有没有一种方法可以向量化R中的这个foreach循环，以使文本替换更有效？

Question

Happy to award the answer points to someone who can help me vectorize this process. 很高兴向可以帮助我向量化此过程的人员提供答案。 I'd like to search to see if a string is missing a city name and tack on the missing city name if it is indeed missing. 我想搜索字符串是否缺少城市名称，如果确实缺少，请在缺少的城市名称上添加大写字母。
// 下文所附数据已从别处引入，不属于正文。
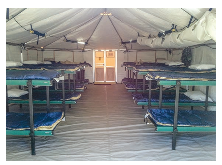
Shelter billeting featuring Western Shelter bunk beds, air distribution plenum, lighting and wiring harness.

MILITARY INDUSTRIAL FIRST RESPONDER MEDICAL HOMELAND SECURITY EVENTS
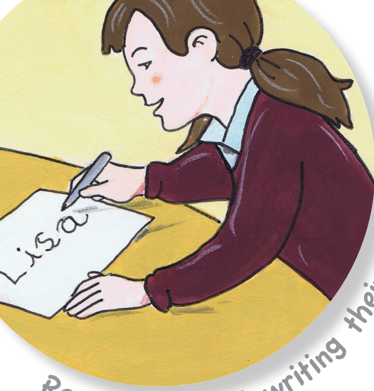
Recognising and writing their own name
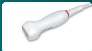
3P-A Phased array probe • 1-6 MHz • Cardiac • Abdominal
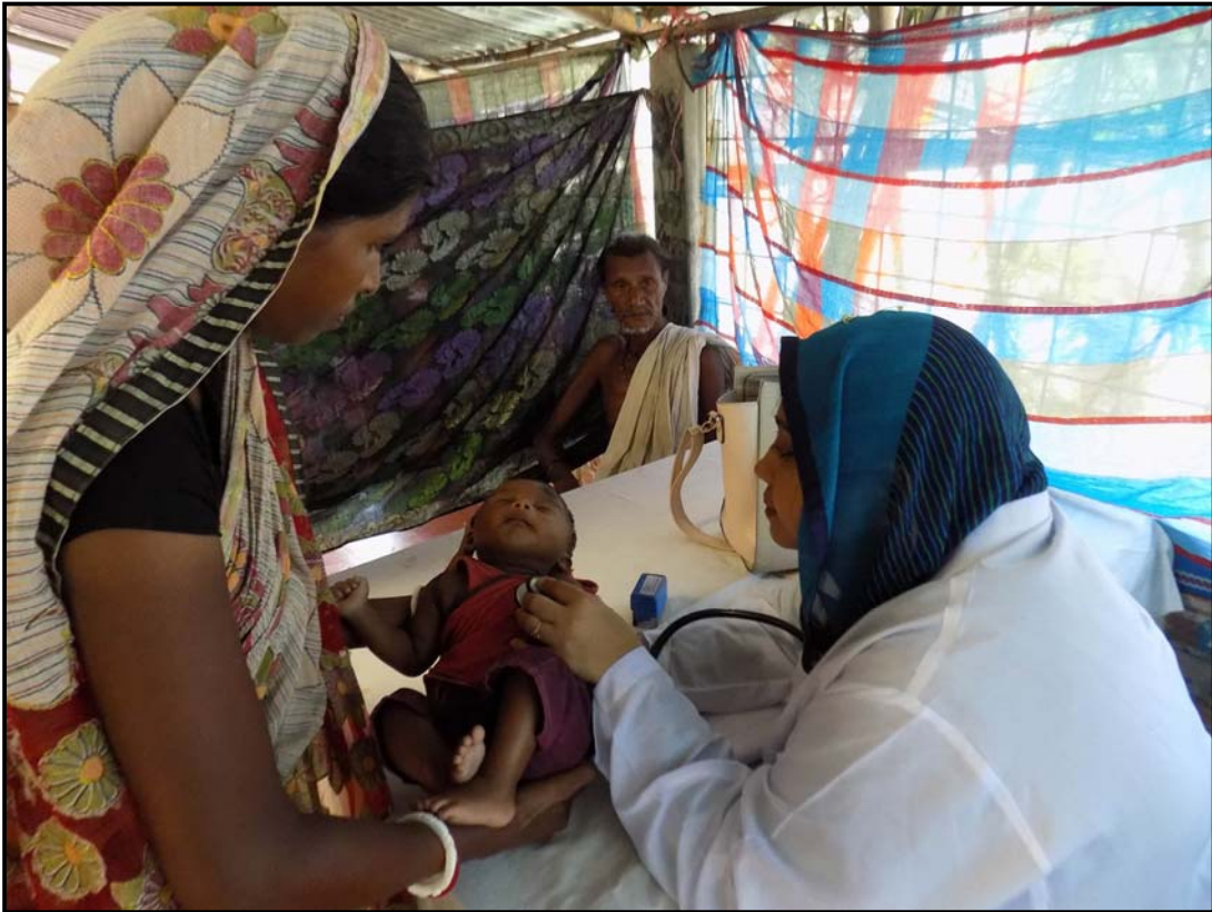
Medical Camp: Doctor visiting mother and child...
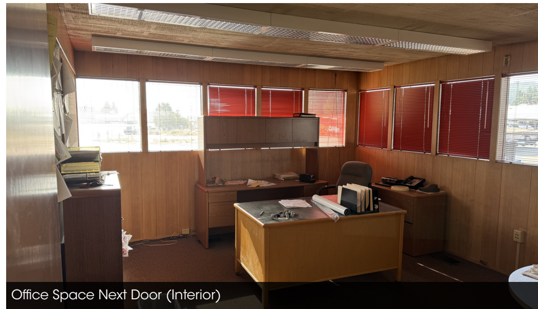
Office Space Next Door (Interior)
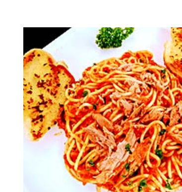
Tuna Marinara 420 ITALIAN STYLE MARINARA SAUCE LOADED WITH TUNA FLAKES, GARLIC, ANCHOVIES & CAPERS WITH YOUR CHOICE OF PASTA

A CLASSIC ITALIAN STYLE MARINARA SAUCE FILLED WITH FISH PIECES, SHRIMP, CALAMARI, MUSSELS AND YOUR CHOICE OF PASTA
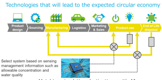
Matching circulation destinations with AI
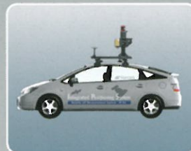
Portable, Easy Mounting System
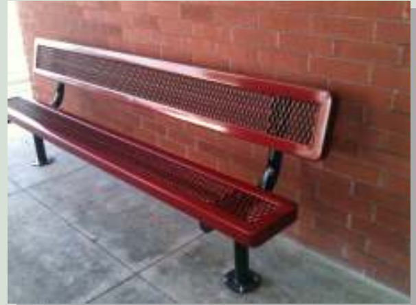
The Thousand Oaks Friends celebrated the arrival of the long-awaited outside benches at their monthly meeting. They admired the sleek design and the color that blended well with the brick wall, but were happiest about their part in providing a place for patrons to wait comfortably for rides or for the library to open.
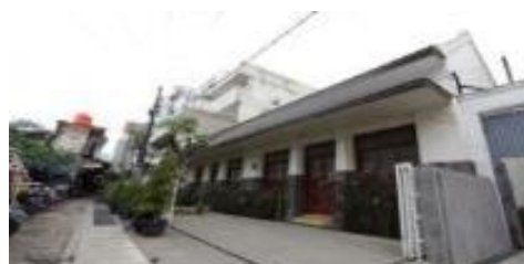
Figure 2: Building (Basalamah 6, 8) façade as seen to the west, the end side of the traditional wet market.
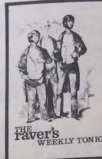
THE RAVER'S WEEKLY TONIC
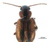
CCDB-23051-G02 [Dorsal] Dicheirotrichus cognatus BIN URI: BOLD:AAV5222
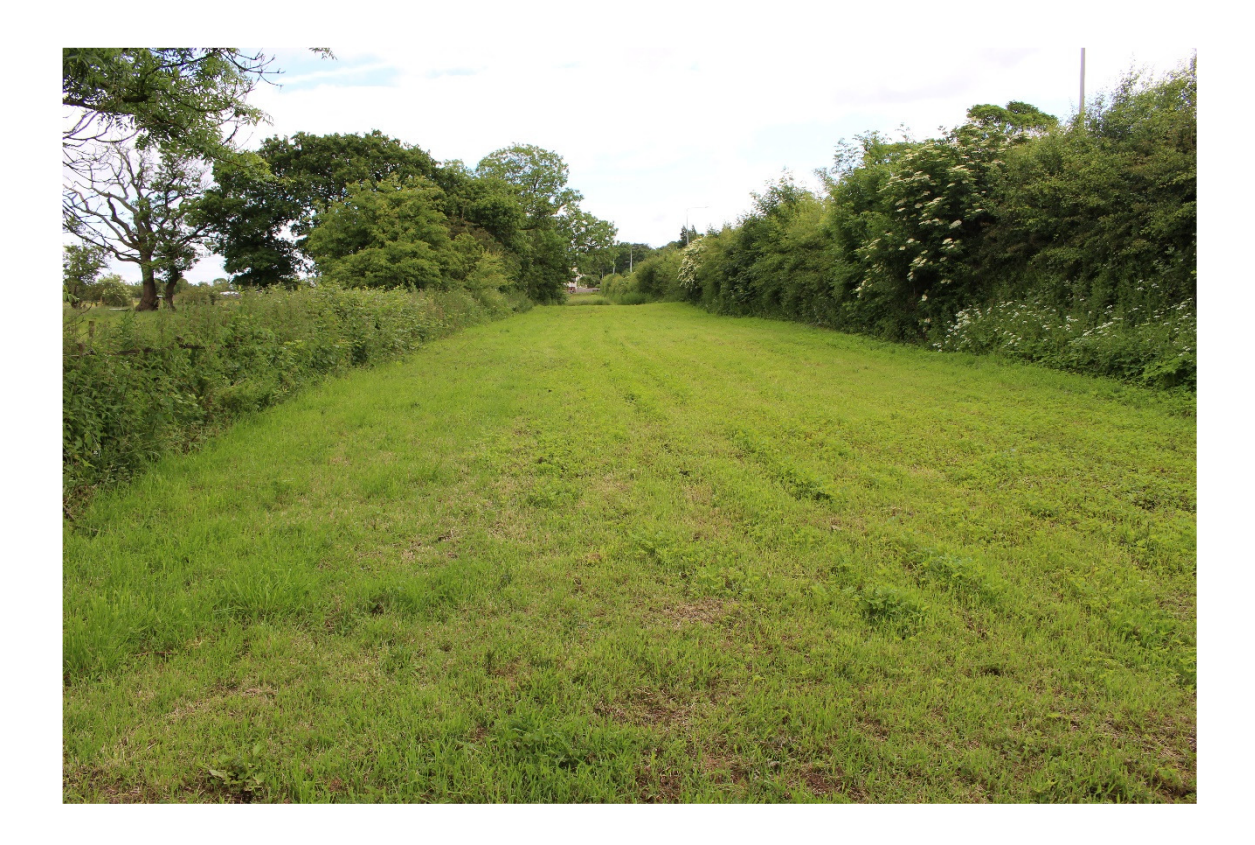
0.25 acre plot looking north
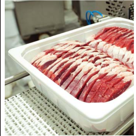
Dash-gatec-MAP Check 3 Vacuum-EN-1

Suppose I have data like this: 假设我有这样的数据：

df <- data.frame(X=c(1:5), Houston.Addresses=c("548 w 19th st", "6611 Portwest Dr. #190, houston, tx", "3555 Timmons Ln Ste 300, Houston, TX, 77027-6466", "3321 Westpark Dr", "16221 north freeway"))

I'd like data like this: 我想要这样的数据：

df.desired <- data.frame(X=c(1:5), Houston.Addresses=c("548 w 19th st, houston, tx", "6611 Portwest Dr. #190, houston, tx", "3555 Timmons Ln Ste 300, Houston, TX, 77027-6466", "3321 Westpark Dr, houston, tx", "16221 north freeway, houston, tx"))

My current method is very inefficient over large datasets, I'm sure there is a vectorization. 我当前的方法在大型数据集上效率很低，我敢肯定有矢量化方法。 Can someone assist with the vectorization of this loop?: 有人可以协助此循环的向量化吗？：

foreach(i=1:nrow(df))%do%{
  t <- tolower(df[i,"Houston.Addresses"])
  x <- grepl("houston", t)
  if(!isTRUE(x)){
    df[i, "Houston.Addresses" ] <- 
      paste0(df[i, "Houston.Addresses" ], ", houston, tx")
    }
}

Thanks in advance! 提前致谢！

Answer 1

Instead of running through each row, we create a logical index with grep (which is vectorized ) and then assign the elements of 'Houston.Addresses'that corresponds to the index 'i1' (after converting to character class) by paste ing the substring 而不是遍历每一行，我们使用grep （ vectorized ）创建逻辑索引，然后通过paste子字符串来分配与索引“ i1”相对应的“ Houston.Addresses”元素（转换为character类之后）

i1 <- !grepl("houston", tolower(df$Houston.Addresses))
df$Houston.Addresses <- as.character(df$Houston.Addresses)
df$Houston.Addresses[i1] <- paste0(df$Houston.Addresses[i1], ", houston, tx")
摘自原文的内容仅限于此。